### What to work on
Copy each line of the material in which the word "Tuna" appears.

### Excerpted records
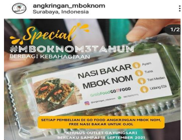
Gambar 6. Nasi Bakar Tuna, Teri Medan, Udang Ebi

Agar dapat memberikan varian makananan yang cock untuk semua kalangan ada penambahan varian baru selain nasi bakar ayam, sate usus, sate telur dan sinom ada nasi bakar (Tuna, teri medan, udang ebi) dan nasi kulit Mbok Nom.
---
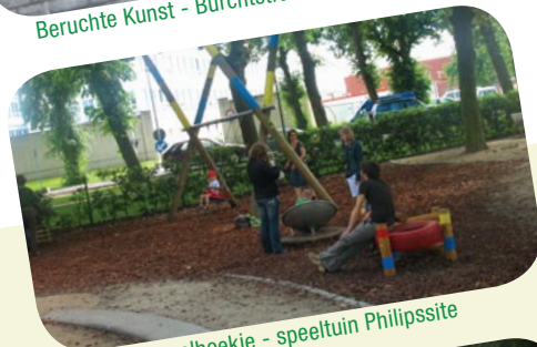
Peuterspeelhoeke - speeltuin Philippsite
...
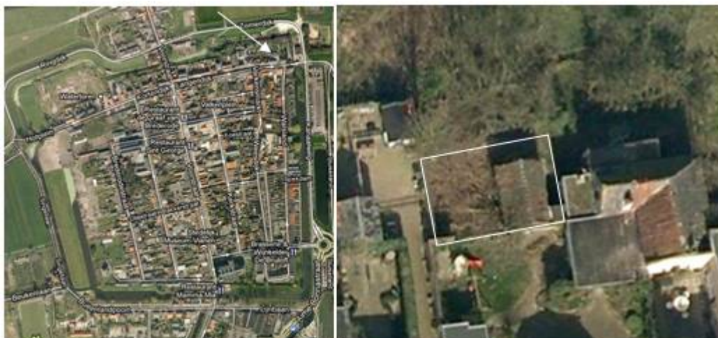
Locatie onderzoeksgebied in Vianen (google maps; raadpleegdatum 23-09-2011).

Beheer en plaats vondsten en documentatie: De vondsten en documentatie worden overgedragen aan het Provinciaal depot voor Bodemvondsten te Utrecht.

### Response to the task
Gambar 6. Nasi Bakar Tuna, Teri Medan, Udang Ebi
Agar dapat memberikan varian makananan yang cock untuk semua kalangan ada penambahan varian baru selain nasi bakar ayam, sate usus, sate telur dan sinom ada nasi bakar (Tuna, teri medan, udang ebi) dan nasi kulit Mbok Nom.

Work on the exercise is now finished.